Span Links: Connecting Async Flows
When a request triggers async work, span links connect the flows. The pattern, the tooling, and the visualisations.
When you need it
Span links are an OpenTelemetry feature for connecting spans across traces. Where parent-child relationships connect spans within a trace, span links connect spans across traces. The pattern fits scenarios where work in one trace causes work in another.
What scenarios need span links:
- Producer-consumer queues.: A request enqueues a message; the consumer dequeues and processes it. The producer's work is in one trace; the consumer's work is in another. Without a link, the relationship is invisible.
- The producer's request is one trace.: The producer's work begins with the user's request and ends when the message is enqueued. That work is one trace.
- The consumer's processing is another.: The consumer's work begins when the message is dequeued and ends when processing completes. That work is its own trace; it has no parent in the producer's trace.
- Without a link, you cannot follow the flow.: The two traces are disconnected. Investigation that spans the queue boundary requires manual correlation; the team cannot navigate from producer to consumer.
- Batch jobs that process events from many requests.: A nightly batch job processes events from many user requests. The batch job's trace exists; each contributing request had its own trace; the link connects them.
- The job's trace links to all the requests.: The batch job's spans include links to the requests that contributed events. Investigation can navigate from the batch job to its inputs; the cross-trace flow is preserved.
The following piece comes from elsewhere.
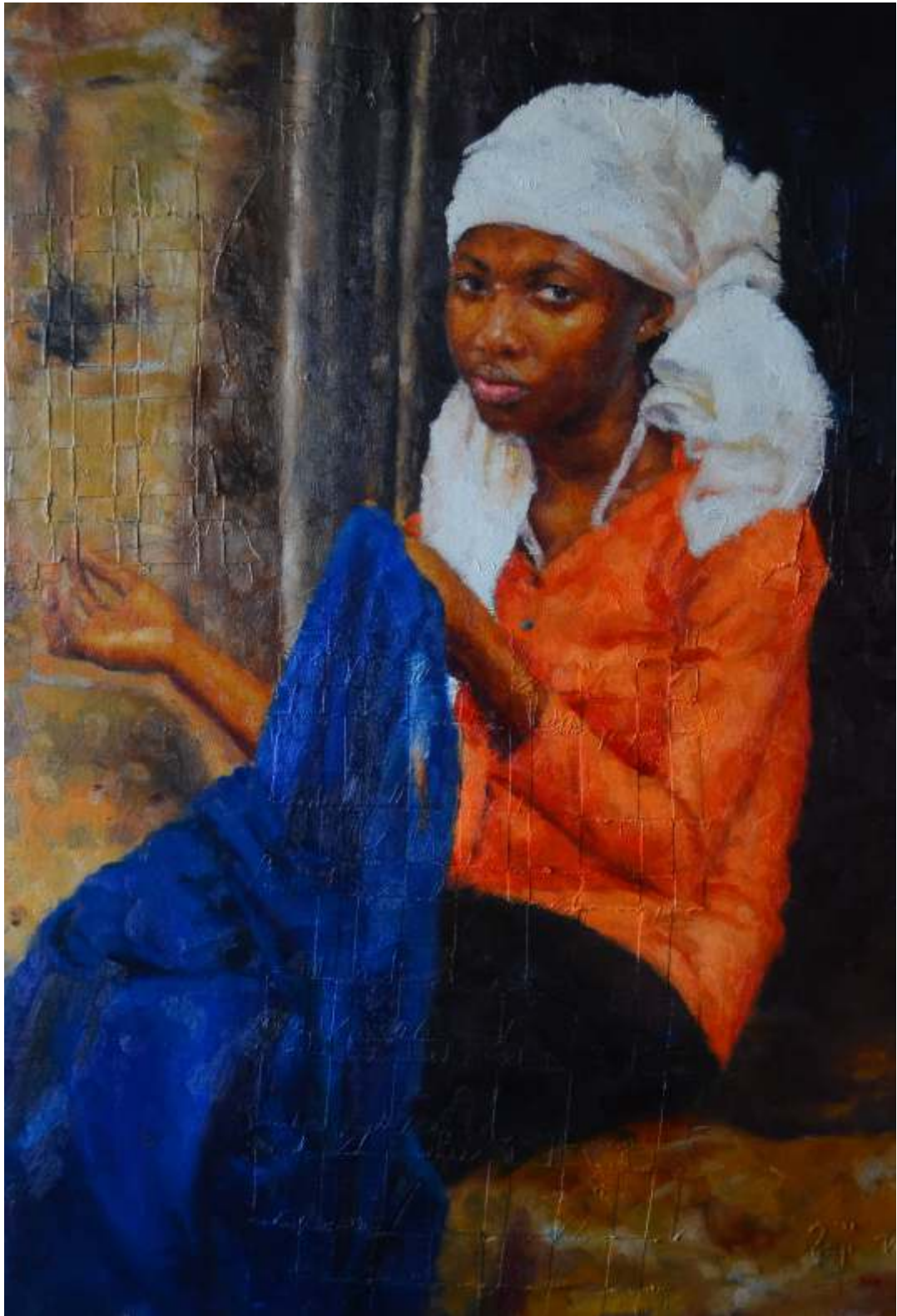
THE SEAMSTRESS / Oil on woven canvas, 24 x 33 inches, 2019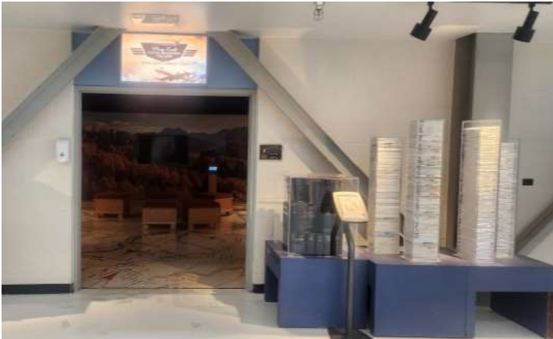
Harry Combs Gallery

If my family and I need a quiet and dark area, there is a quiet room where we can spend time together.

The pattern fits async and batch flows. Synchronous flows use parent-child relationships; async flows use span links.
How
The implementation uses the OpenTelemetry Span API. The link is created with the originating trace's identifiers; the SDK records the link; the backend stores it.
- OTel's Span#addLink() API.: The OpenTelemetry SDK provides addLink() (or equivalent) on the span. The method takes a trace context that identifies the linked span.
- Pass the trace ID and span ID of the originating work.: The link references the originating span by its trace ID and span ID. The backend can find the linked span; the relationship is preserved.
- Most queue libraries auto-instrument.: OpenTelemetry's instrumentation libraries for Kafka, RabbitMQ, SQS, others handle span links automatically. The team's code does not need explicit linking.
- Verify; some do not.: Some queue libraries do not auto-instrument span links. The team verifies and adds explicit linking where needed.
- Custom flows need explicit linking.: Custom queue implementations or non-standard flows require explicit linking code. The pattern is straightforward; the team adds it where the standard libraries do not.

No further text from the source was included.